The words “air permits” here should probably be set off in huge granite letters like “Ben Hur”, such is their importance and relative immovability.

According to the U.S. Energy Information Administration:

Natural gas-fired power plants typically account for about one-half of the electricity produced in Texas and coal-fired plants account for much of the remaining generation.

Please note the absence of the words “green”, “solar” or “wind” in that sentence. If you’re the State of Texas you’ve got to be basking in the EPA love as they glower over their bifocals in disapproval.

Not that Texas didn’t give it the old college try. Consider this unintentionally hilarious paean to wind-power of another kind:

Although renewable energy sources contribute minimally to the Texas power grid, Texas leads the Nation in wind-powered generation capacity, and substantial new wind generation capacity is under construction.

Got it. Texas has been browbeaten into constructing enough of these white elephants to surpass California in pouring money down this particular rat-hole and now leads the nation in wildly uneconomical and utterly insignificant alternative energy output. This has to be great comfort to the Texans as they freeze in the dark.

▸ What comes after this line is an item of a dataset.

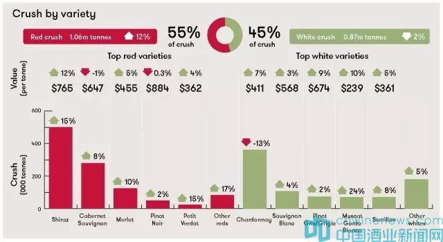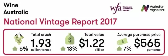 2017年收獲季,釀酒葡萄壓榨價值總額預計為12.2億澳元,將比2016年增長13%。2016年該數額為10.8億澳元。?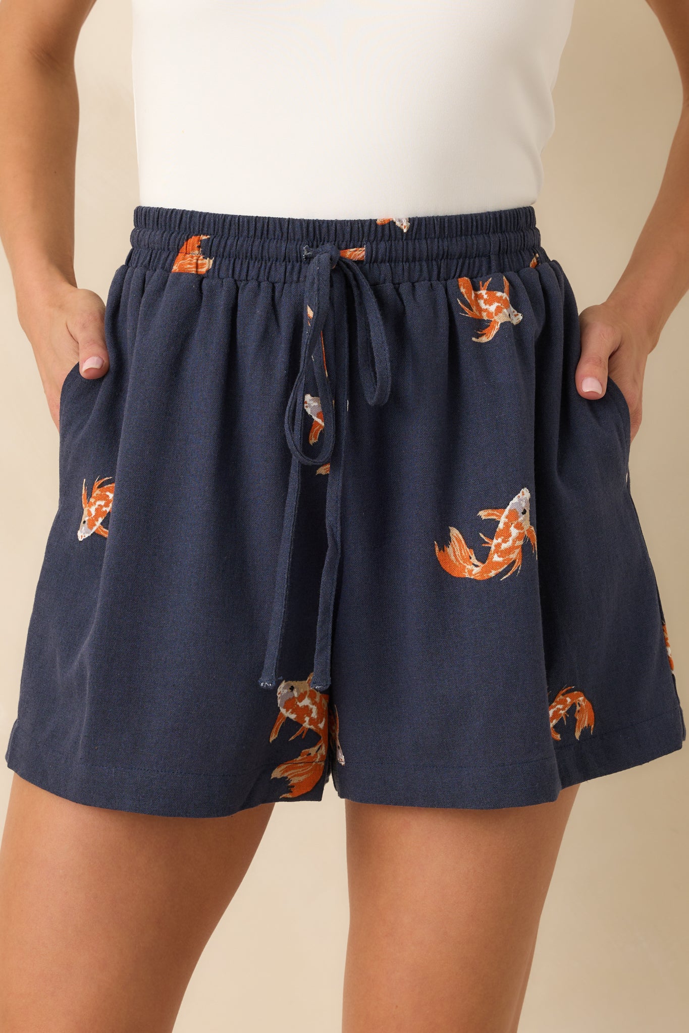 Within Reach Navy Koi Fish Print Linen Blend Drawstring Shorts are a reminder that the best moments are often the simplest. Playful and laid-back, they add a fun touch to your lineup—perfect for when you want comfort with a little personality. These navy shorts feature an orange koi fish print throughout, high rise design, elastic waistband, adjustable self-tie drawstring, and functional side seam pockets.

And in the end they needn’t have bothered. An altogether unimpressed EPA has decided to make Texas — one of the few states to challenge its recent decision to regulate greenhouse gas emissions from power plants and oil refineries — its poster child by directly taking over its greenhouse gas permitting program.

The facts are painfully clear; because of the EPA’s obsession with global warming, which has spawned the lunatic classification of carbon dioxide as a pollutant, an already onerous regulatory system is about to become much worse. We have already lost years in the struggle to keep our energy supply apace with growing demand by banning and/or over-regulating our most economical sources such as fossil fuels and nuclear while promoting “green” solutions, some of which may someday be economically viable but whose adoption can only be considered premature at this point.

Organizations like the Sierra Club, who have no idea how to change a lightbulb much less power one, may get positively giddy when announcing that 150 planned coal-fired plants have been canceled since 2001, but the Chinese, with whom we are presumably supposed to compete, have no such misgivings.

The net result of crippling energy solutions that work in favor of those that don’t is progressive deindustrialization. If the EPA prevails in its attempt to micromanage power plants with an army of carbon-sniffing bureaucrats, long on ideology and short on industry experience and expertise, we will all look back on the rolling blackouts of 2011 with nostalgia.